Master and Margarita

“Master and Margarita” is one of three novels that had a profound influence on me as a teenager... with “Great Expectation” and “George Orwell's Essays”. Beforehand, I had read about Bulgakov's bold mail to Stalin in thirties, and surprisingly, the very proper return telephone call and the vital help of Stalin (1).

Nevertheless, at home, we only had one of Bulgakov's books: “Black Snow” and not the “Master and Margarita”.

Later, I found the “Mater and Margarita” entirely coincidental. In my favourite bookshop: a second-hand bookshop that had left-wing books and Russian literature novels to sell, of course anonymously...

I finished it the first night... I couldn't stop reading it. But the story appeared complex to me after the first reading.

Three stories simultaneously: Master & Margarita story, Woland and his companion's story in Moscow and Jesus and Pontius Pilate.

It was the second time that I understood the connections. And then just like the sun comes out of clouds, I comprehended the wistful elegance of the book.

Prior to the book, I had read about the Stalin epoch. Elegantly, Bulgakov presented that period as a dark comedy. It was a new experience for me.

So I start to re-read it again and again. Comprehending the Pontius Pilate’s decisions under the conspicuous and formidable Roman Empire’s shadow, exactly like Stalin’s shadow on characters of the book though invisible, was gripping and thrilling.

The very first draft of the book didn't have Margarita ... Darker book. Bulgakov added the Margarita character, based on his wife, later...

“Master and Margarita” had never been published in Bulgakov lifetime (in Stalin's epoch) ... of course. His wife was the one who kept the book until Khrushchev's period.

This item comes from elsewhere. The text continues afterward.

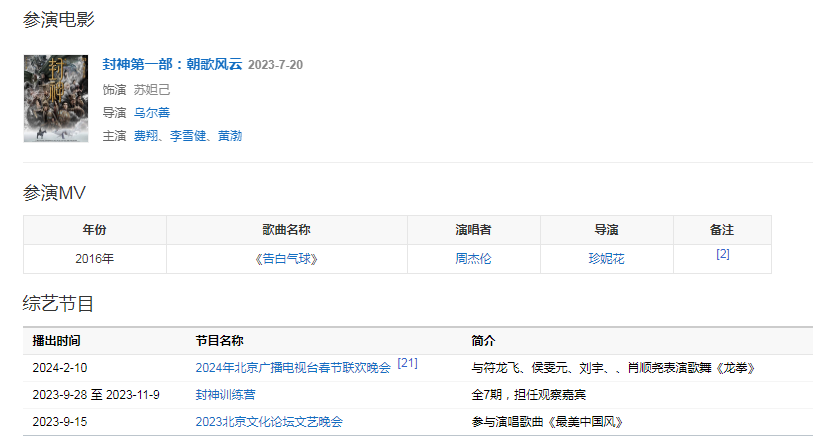 2023年,主演的神话史诗电影《封神第一部:朝歌风云》在中国大陆上映。

The widely acclaimed masterpiece and one of the major work of literature: some critics consider it as the best novel of the twentieth century and the others regard it as one of the best a hundred novels of all time.

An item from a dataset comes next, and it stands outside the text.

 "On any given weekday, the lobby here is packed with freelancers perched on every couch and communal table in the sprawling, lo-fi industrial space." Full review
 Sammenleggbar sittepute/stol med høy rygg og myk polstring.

My favourite chapters are “The Satan's Rout”, “Black Magic and Its Exposure” and “How the Procurator Tried to Save Judas of Karioth”.

The book has many political references to Stalin's epoch, but more notably in the chapter: “The Dream of Nikanor Ivanovich” which exclusively cites the “Moscow Show Trials”.

Bulgakov was aware of the aspects of living under the bureaucratic regime, the loneliness of intellectuals and their fear for the future.

It's a book which can fulfill and satisfy many ways:

The dark epoch of Stalin and Stalin’s iron grip on intellectuals (by Soviet and Roman atmosphere)

And this very famous quote: Manuscripts don't burn.

Master and Margarita wasn't burnt. It was published 27 years later after Bulgakov death.